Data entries
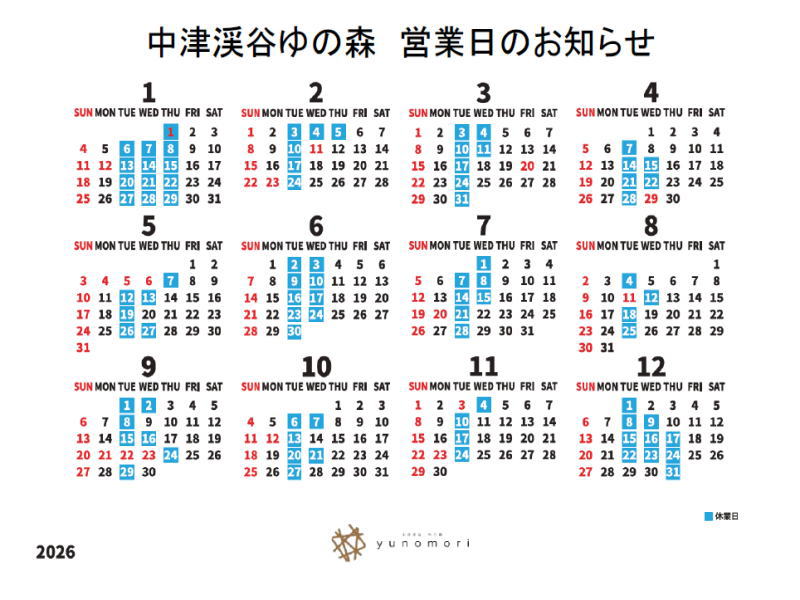 | 月 | 温泉スタンプカード2倍デー |
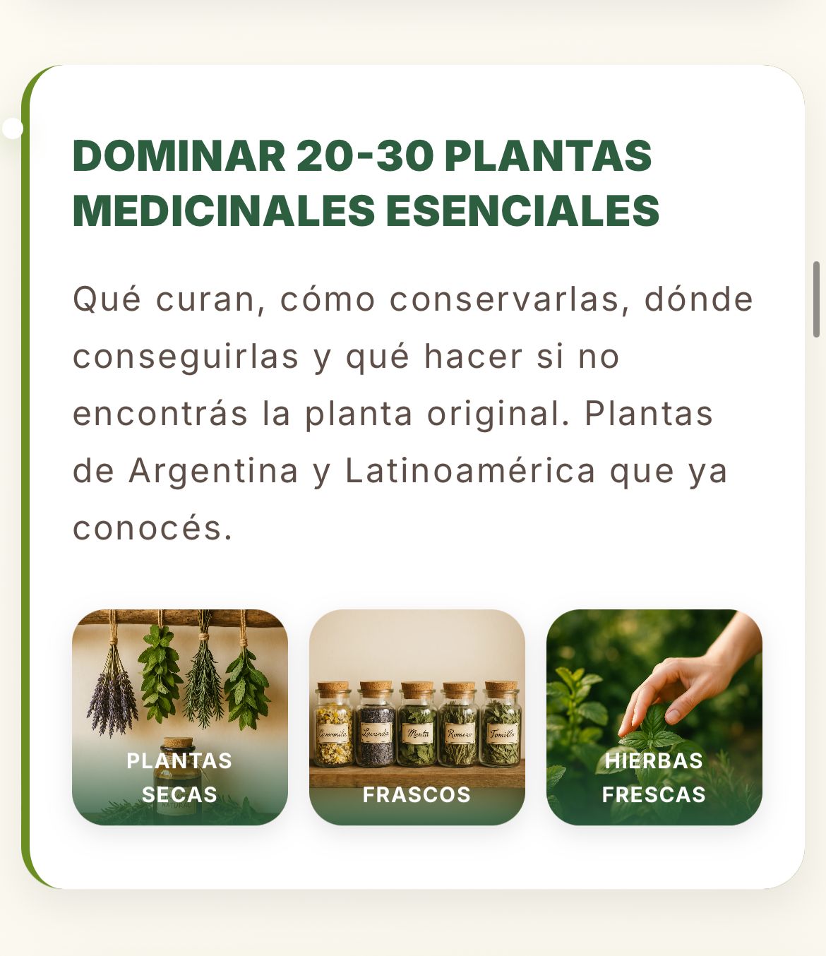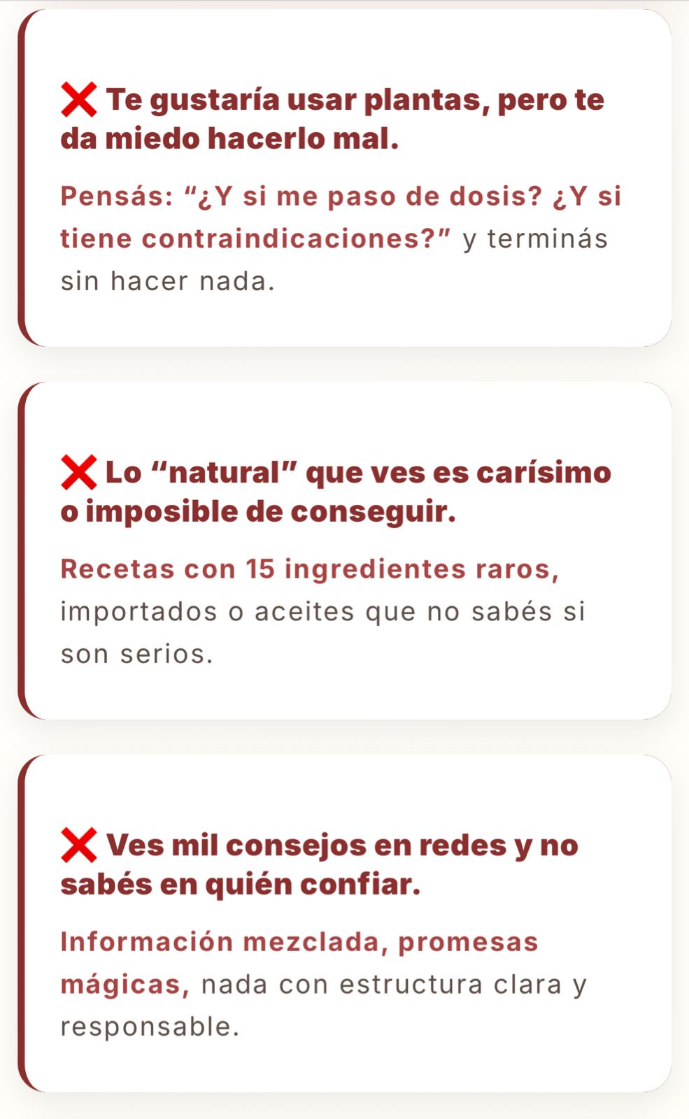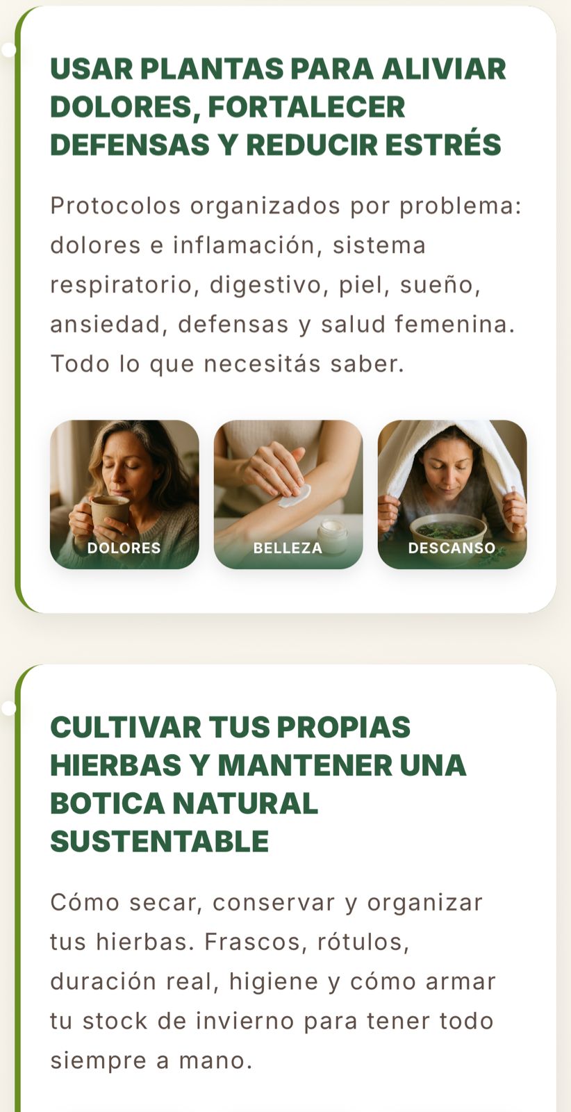 Está ordenado por situación real (dolor de cabeza → hacé esto), con cantidades exactas, y validado por quien lleva 20+ años usando plantas.
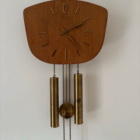 Gl. antik egetræs Jungehans vægur. (1800-1920erne) med messing løvehoved.
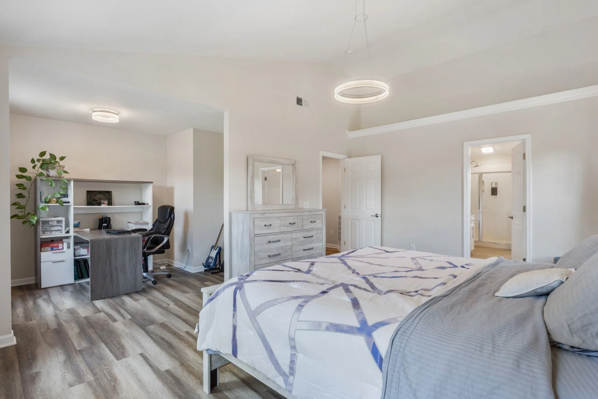 Fantastic Location close to Amenities and wonderful schools. Tucked at the end of a peaceful cul-de-sac, 3018 Langston Place delivers elegance, comfort, and function with thoughtful touches and top-of-the-line finishes throughout. This exceptional home features 4 spacious bedrooms, 4 full bathrooms, a flex room/5th bedroom option, and a layout designed to embrace both everyday living and stylish entertaining. From the moment you arrive, you’re greeted by the charm of a rocking chair front porch, the perfect place to sip morning coffee or greet neighbors with a smile. Situated on a meticulously landscaped lot, the home offers an incredible covered back deck that overlooks a lush, park-like backyard enclosed by a privacy fence—your own private oasis for relaxation, play, or hosting unforgettable gatherings. Step inside to be wowed by the seamless flow of luxury LVP flooring that runs throughout the home, blending durability with the timeless elegance of hardwood aesthetics. Every corner of this home reflects thoughtful design and high-end craftsmanship.Whether you’re preparing weeknight meals or entertaining a crowd, this designer kitchen is sure to impress: Double ovens for effortless multitasking An oversized refrigerator that keeps everything organized and within reach 6-burner gas cooktop for professional-grade performance. Stylish farmhouse sink with a bold touch of modern farmhouse charm. Stunning quartz countertops with ample prep space. A generously sized walk-in pantry to keep everything tucked away yet accessible.Open to the living and dining areas, this kitchen serves as the heart of the home, inviting connection and conversation. Escape to the tranquility of the primary bedroom, thoughtfully designed for rest and renewal. You’ll love the:Spacious layout with a cozy sitting area—ideal for a private reading nook or morning coffee spot. Walk-in closet for excellent storage Luxurious en suite bathroom featuring his-and-hers vanities
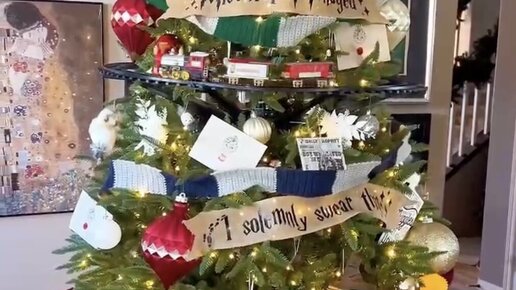 Движущийся «Хогвартс-экспресс» и игрушка с «Ежедневным пророком» : фанатка оформила новогоднюю елку в стиле «Гарри Поттера»
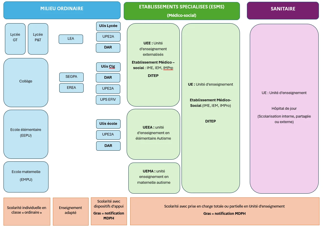 Vous retrouverez des présentations de chacun des dispositifs ou mode de scolarisation mentionnés en cliquant ci-après :
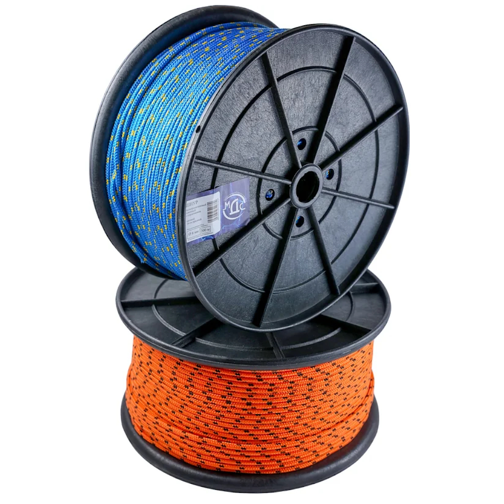 Шнур полипропиленовый плетеный 6мм 16пр. с сердечником на 100% состоит из полипропилена. Изготовление из первичного сырья и использование сердечников из крученых нитей, позволяет изделию держать нагрузки в двое превышающие аналоги существующие на рынке. В процессе изготовления нитки, используются качественные красители и стабилизаторы, что в свою очередь делает веревку не только прочной, но и устойчивой к кислотам и ультрафиолету, позволяет не впитывать влагу, что очень удобно при использовании ее на воде. Шнур из полипропилена используется абсолютно в любой сфере учитывая разрывные характеристики.
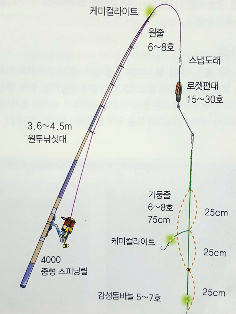 - 채비: 중들물과 중썰물 시기를 노려 낚시.
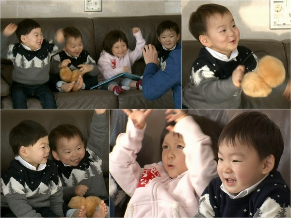 추사랑과 '삼둥이' 대한 민국 만세가 업그레이드된 혼성 4인조 '바라밤 댄스'를 선보이며 또 한 번 돌풍을 예고했다.8일 방송될 KBS 2TV '해피선데이-슈퍼맨이 돌아왔다'(이하 '슈퍼맨')에서 추사랑과 대한 민국 만세는 4인조 바라밤 댄스부터 만두 빚기까지 섭렵하며 최강 4남매의 면모를 과시한다.이날 추사랑과 삼둥이는 아이돌의 '칼군무' 부럽지 않은 찰떡 호흡으로 바라밤 댄스를 선보여 단숨에 시선을 사로잡았다. 네 아이들은 너나 할 것 없이 격렬한 팔 동작을 선보이며 넘치는 흥을 발산해 웃음을 자아냈다.사랑과 삼둥이는 즐거운 댄스타임에 얼굴 가득 미소가 떠나지 않았다. 연신 '까르르 까르르' 웃음소리가 터져 나오는 업그레이드 바라밤 댄스에 아빠 송일국마저 하회탈 웃음을 지어 보이며 함께 춤을 춰 웃음을 터트렸다.바라밤 댄스의 찰떡 호흡은 만두 빚기까지 이어졌다. 사랑과 삼둥이는 온몸이 밀가루 범벅이 되는 줄도 모른 채 옹기종기 모여 앉아 만두피를 만들었고, 한 가족 같은 사랑과 삼둥의 모습에 아빠들은 흐뭇한 미소를 감추지 못했다.KBS 2TV '슈퍼맨이 돌아왔다' 64회는 8일 오후 4시 50분에 방송된다.['슈퍼맨이 돌아왔다' 추사랑 삼둥이 바라밤댄스, 사진=KBS]

[Action item]: The answer must be an exact transcription of the lines from the one holding "- 채비: 중들물과 중썰물 시기를 노려 낚시." to the last line of the entries above, with no pictures and nothing else.

[Output of the task]:
 - 채비: 중들물과 중썰물 시기를 노려 낚시.
 추사랑과 '삼둥이' 대한 민국 만세가 업그레이드된 혼성 4인조 '바라밤 댄스'를 선보이며 또 한 번 돌풍을 예고했다.8일 방송될 KBS 2TV '해피선데이-슈퍼맨이 돌아왔다'(이하 '슈퍼맨')에서 추사랑과 대한 민국 만세는 4인조 바라밤 댄스부터 만두 빚기까지 섭렵하며 최강 4남매의 면모를 과시한다.이날 추사랑과 삼둥이는 아이돌의 '칼군무' 부럽지 않은 찰떡 호흡으로 바라밤 댄스를 선보여 단숨에 시선을 사로잡았다. 네 아이들은 너나 할 것 없이 격렬한 팔 동작을 선보이며 넘치는 흥을 발산해 웃음을 자아냈다.사랑과 삼둥이는 즐거운 댄스타임에 얼굴 가득 미소가 떠나지 않았다. 연신 '까르르 까르르' 웃음소리가 터져 나오는 업그레이드 바라밤 댄스에 아빠 송일국마저 하회탈 웃음을 지어 보이며 함께 춤을 춰 웃음을 터트렸다.바라밤 댄스의 찰떡 호흡은 만두 빚기까지 이어졌다. 사랑과 삼둥이는 온몸이 밀가루 범벅이 되는 줄도 모른 채 옹기종기 모여 앉아 만두피를 만들었고, 한 가족 같은 사랑과 삼둥의 모습에 아빠들은 흐뭇한 미소를 감추지 못했다.KBS 2TV '슈퍼맨이 돌아왔다' 64회는 8일 오후 4시 50분에 방송된다.['슈퍼맨이 돌아왔다' 추사랑 삼둥이 바라밤댄스, 사진=KBS]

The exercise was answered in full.